According to tester Ben Foreman of student magazine The Tab – because of course - the drink is effective; he said that thanks ‘Ohayo’ he was back to his normal morning activities without any of the hangover experiences he deserved. “A dry throat was all that separated the morning from any other, and a quick pint of water sorted that out moments later,” he reported after giving it a go. Elsewhere, testers from Bar magazine, that trusted outlet for all things alcoholic, reported the same success.

This little 150ml bottle of hangover relief costs a mere £3.60. The producers have also factored in the knowledge that at the crucial moment when consumption is required, customers may be feeling a little forgetful. To target this inevitability they also provide a fluorescent sticker which can be stuck to the mirror, wardrobe, toilet bowl, or dog basket, to remind the intoxicated individual that a healthy drink awaits them.
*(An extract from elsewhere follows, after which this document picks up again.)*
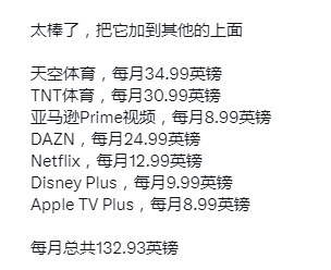 对于英国电视观众而言,2027 年起若想观看所有国内及欧洲赛事,每月需支付 76.96 英镑。具体来说,观众需订阅天空体育(英超、联赛杯、EFL、欧联杯、欧协联,34.99 英镑 / 月)、TNT 体育(英超、足总杯,30.99 英镑 / 月)、亚马逊 Prime(欧冠,8.99 英镑 / 月)以及派拉蒙 +(欧冠,4.99 英镑 / 月)💸TA:派拉蒙+(Paramount+)已获得2027年至2031年期间英国地区欧冠联赛大部分赛事的转播权,而天空体育则拿下了2027/28赛季起欧联杯和欧协联的转播权。派拉蒙+隶属于美国娱乐媒体集团派拉蒙-天舞传媒(Paramount Skydance),同时被指定为德国地区核心转播套餐的优先竞标方;亚马逊Prime视频(Amazon Prime Video)则保留了德国、意大利和英国地区欧冠联赛的优先选赛转播套餐。在英国,亚马逊转播的欧冠赛事仍将安排在周二晚间进行,但在德国和意大利将调整至周三晚间。 ⚠️天空体育自2015年最后一次转播欧冠联赛后,便未再涉足欧洲赛事转播领域,如今将成为欧足联旗下第二、第三级别俱乐部赛事在英国的独家转播平台。派拉蒙与天空体育的胜出,意味着TNT体育的地位旁落——该平台自2013年起便一直是英国和爱尔兰地区欧足联俱乐部赛事的主要转播方,最初以英国电信体育(BT Sport)名义运营,2023年更名后以TNT体育继续提供服务。TNT体育为当前2024至2027年三年转播周期支付了10亿英镑,此次虽试图保住转播权,但最终不敌派拉蒙的雄厚资金实力。在甲骨文(Oracle)联合创始人拉里·埃里森之子大卫·埃里森的领导下,派拉蒙一直积极寻求转型,致力于打造现代化内容与流媒体业务,以抗衡迪士尼(Disney)和网飞(Netflix)。高端体育赛事转播是其战略核心——自2019年起,该平台已持有欧冠联赛在美国的转播权。事实上,得益于凯特·阿布多、杰米·卡拉格、蒂埃里·亨利和迈卡·理查兹组成的解说团队在社交媒体上极具亲和力的互动风格,其欧冠转播内容在海外也广受好评。不过,TNT与派拉蒙的竞争背后暗藏变数:派拉蒙-天舞传媒正洽谈收购TNT体育的母公司华纳兄弟探索集团(WBD)。若交易达成,派拉蒙与华纳兄弟的好莱坞制片厂、美国哥伦比亚广播公司(CBS)、美国有线电视新闻网(CNN)、家庭影院频道(HBO)等数十家全球网络及流媒体平台(包括英国免费频道第五频道)将实现整合。但这笔交易尚未尘埃落定,仍需跨越众多监管障碍,更不用说康卡斯特(Comcast)和网飞等企业也对华纳兄弟探索集团的资产表现出兴趣。不过,凭借埃里森家族的巨额财富以及与美国总统唐纳德·特朗普的密切联系,派拉蒙目前处于领先地位。 尽管这一并购案在美国媒体和政治圈引发广泛热议,但对英国球迷而言,核心影响在于:2027年起,若想观看欧冠联赛,他们需订阅新的流媒体服务;而若要观看欧冠、欧联杯和欧协联全部三项赛事,则需分别订阅三个不同平台。💰此次转播权拍卖由UC3联合财团主导——该财团由欧足联与欧洲足球俱乐部协会(European Club Association,现更名为European Football Clubs)共同成立,并联合其新代理机构瑞莱文特体育合作伙伴运作。瑞莱文特于2024年取代了与欧足联合作多年的TEAM营销公司,成为新的转播权销售合作伙伴。这一变动终结了TEAM营销公司与欧足联的长期合作关系——双方的合作曾为TEAM、欧足联及所有参与欧足联俱乐部赛事的球队带来丰厚收益。但2021年欧洲超级联赛计划夭折后,各大豪门俱乐部决定在赛事运营与营销方面争取更大话语权。瑞莱文特体育由迈阿密海豚队老板斯蒂芬·罗斯控股,该公司向UC3联合财团承诺,将把赛事年度营收从目前的44亿欧元(约合39亿英镑)提升至2027年的50亿欧元(约合44亿英镑),长期目标是到2031年达到65亿欧元(约合57亿英镑)。为实现这一营收目标,在欧盟委员会的支持下,UC3联合财团与瑞莱文特决定将常规的三年转播周期延长一年,为竞标方提供更稳定的预期和更多赛事资源;同时,首次在欧洲五大市场(法国、德国、意大利、西班牙、英国)同步启动招标流程。此外,招标方还鼓励竞标方参与多个市场的竞标,并专门划出少量赛事的独家转播套餐,旨在吸引苹果(Apple)、网飞(Netflix)或YouTube等全球流媒体平台参与竞标。知情人士(因未获公开讨论授权而匿名)透露,确实有企业为全球转播套餐提交了报价,但金额不足以弥补派拉蒙、亚马逊等平台在地区性转播交易中可能降低的出价,因此该套餐未成功售出。即便如此,此次拍卖仍竞争激烈,五大市场均需通过第二轮竞标才最终确定结果。 Canal+成为法国市场的最大赢家,斩获了所有赛事的独家转播权。《竞技报》获取的一封 Canal+ 首席执行官马克西姆·萨阿达致员工的邮件中写道:“如今,我们再次证明,我们的体育转播服务是全球最顶尖的。我们所有人都应为此感到自豪。”TNT体育的氛围则截然不同——尽管该平台仍持有英超周六早场赛事、英格兰橄榄球超级联赛(Prem Rugby)和板球灰烬杯(The Ashes)的转播权,但如今已缺少顶级赛事内容。TNT体育发言人在一份声明中表示:“归根结底,我们始终坚持对自身业务和客户具有财务意义的合作方针。”派拉蒙、瑞莱文特体育及UC3联合财团均拒绝置评。

Now isn’t that kind?

Often the most useful of medicines are the most disgusting – we even feel more convinced of their healing properties by the fact that they make us wretch and shiver – the illogical theory goes ‘if it’s this revolting then it must work.’ So one might expect this innovative potion to taste of armpits and sulphur. But, back to Ben Foreman again: “It tasted like camping.” This statement is rather open to interpretation – an interpretation that will, no doubt, heavily depend on your attitude towards camping. Mine is vague indifference. Perhaps a combination of grass, condensation, and baked beans is what he meant. Waking up with these lingering flavours on one’s palette, ready for a ‘good morning’ that’s endurable despite last night’s debauched activity, kind of seems worth it – although I dread to think what will happen to the world’s populace if it proves that this potion really does work for everybody.